**WHAT NEEDS TO BE DONE**
Only these lines, please: the first one of the records through the one containing "Marcar el punto", retyped exactly, both ends included and pictures omitted.

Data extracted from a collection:
'''

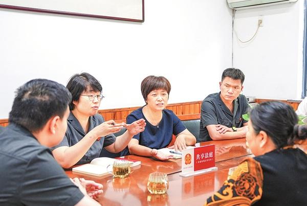“共享法庭不僅是一個(gè)物理空間,更是一個(gè)制度、一份理念;庭務(wù)主任也不只是一個(gè)職務(wù),而是一種氛圍、一份行動(dòng)。”楊國琴有自己的理解,“共享法庭就是讓越來越多人參與到普法、知法、懂法、守法的氛圍里。我特別想在‘家門口’帶動(dòng)這樣的法治氛圍?!保ㄓ嘟ㄈA 潘墨欽)
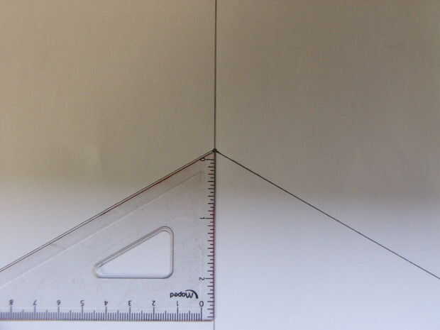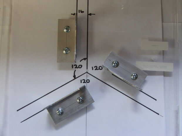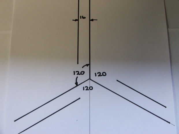 Marcar el punto central en la pared posterior de su caso y dibuje tres ejes hacia afuera con 120 grados entre cada uno.
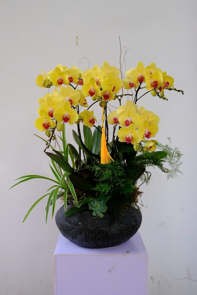 Tựa ánh vàng rực rỡ của thành công được lưu dấu qua thời gian, Golden Legacy mang vẻ đẹp phú quý của Phalaenopsis Orchid (lan hồ điệp) vàng óng. Mỗi cánh hoa mở ra như biểu tượng của may mắn, thịnh vượng và khởi đầu bền vững. Sắc vàng quyền quý hòa cùng mảng xanh tự nhiên và chậu đá trầm tĩnh, tạo nên tổng thể sang trọng – tôn vinh phong thái điềm đạm, tinh tế và đẳng cấp của người doanh nhân thành đạt.
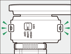 - Hvis LAV eller HØY velges mens det ikke tas opp noe, vil både statuslampene foran og bak lyse kort med det valgte lysstyrkenivået før de slås av.
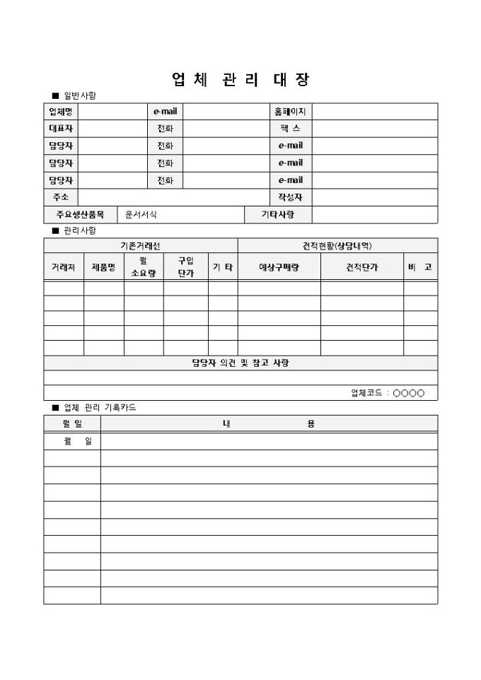 9,000원/월해당 업체 제품의 월 소요량, 구입단가, 견적 예상구매량, 단가를 관리할 때 사용되는 업체관리대장 양식입니다. 업체의 일반사항, 관리사항, 업체관리기록카드 등의 항목으로 구성되어 있습니다.
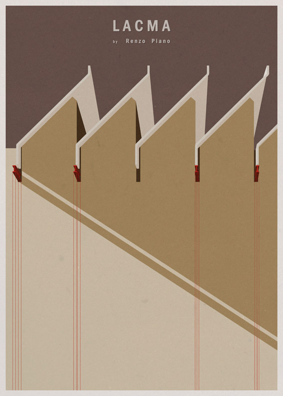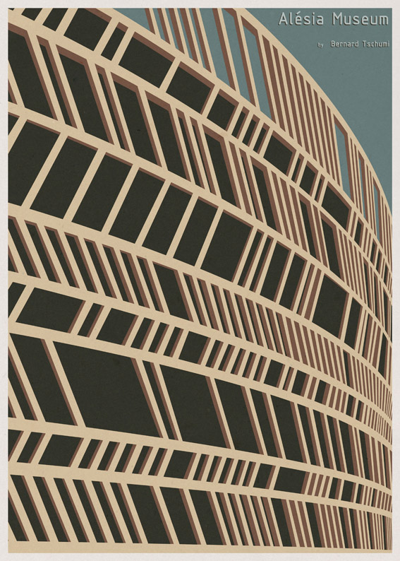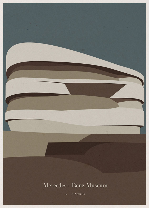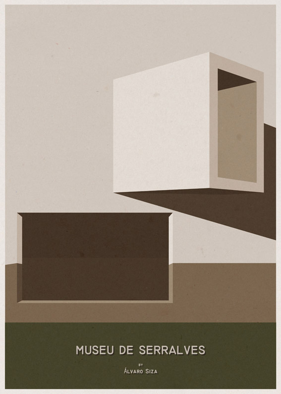 Pôsteres minimalistas de arquitetura de museus famosos

'''

**EXPECTED OUTPUT**
“共享法庭不僅是一個(gè)物理空間,更是一個(gè)制度、一份理念;庭務(wù)主任也不只是一個(gè)職務(wù),而是一種氛圍、一份行動(dòng)。”楊國琴有自己的理解,“共享法庭就是讓越來越多人參與到普法、知法、懂法、守法的氛圍里。我特別想在‘家門口’帶動(dòng)這樣的法治氛圍?!保ㄓ嘟ㄈA 潘墨欽)
 Marcar el punto central en la pared posterior de su caso y dibuje tres ejes hacia afuera con 120 grados entre cada uno.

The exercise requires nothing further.